__Records for the exercise__.
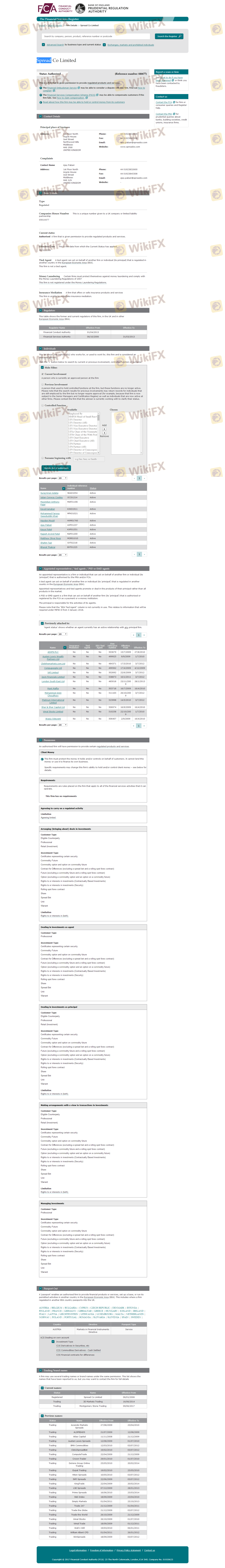 關於 SPREAD CO 外匯交易商的合法性,它英國 FCA,在(也有關於安全的實勘調查)。
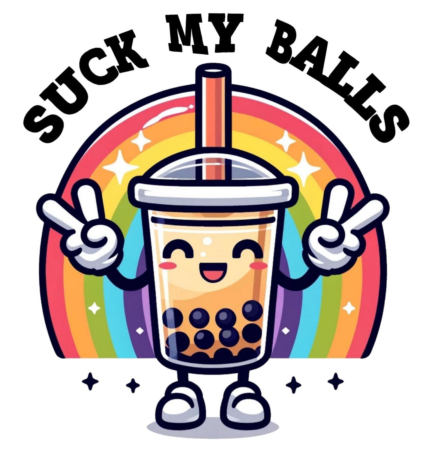 Pánské tričko Bubble Tea Suck My Balls. Vtipný a výstřední motiv pro milovníky bubble tea, kteří se nebojí provokovat. „Suck my balls“ – vtipná slovní hříčka v překladu Vysaj moje kuličky. Ideální pro každého fanouška bubble tea, který má smysl pro humor a chce se odlišit.
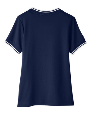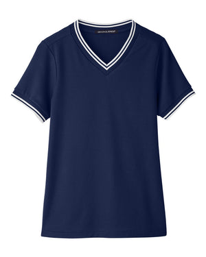 Devon & Jones DG20CW Women's CrownLux Performance® Plaited Tipped V-Neck Shirt - Navy White
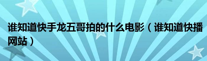 谁知道快手龙五哥拍的什么电影(谁知道快播网站)
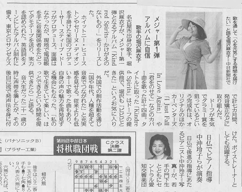 堀澤麻衣子の地元名古屋の中日新聞に掲載されました。
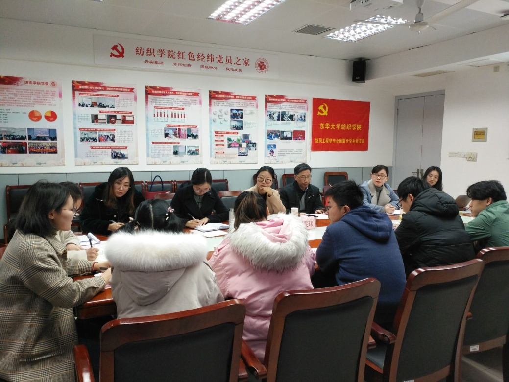 党委副书记刘雯玮、纺织工程非毕业班联合学生党支部全体成员参加此次会议。

__Task prompt__. Reproduce exactly, with nothing added, the lines from the line with "堀澤麻衣子の地元名古屋の中日新聞に掲載されました。" through the end of the entries above; pictures are to be left out.

__Your solution__.
 堀澤麻衣子の地元名古屋の中日新聞に掲載されました。
 党委副书记刘雯玮、纺织工程非毕业班联合学生党支部全体成员参加此次会议。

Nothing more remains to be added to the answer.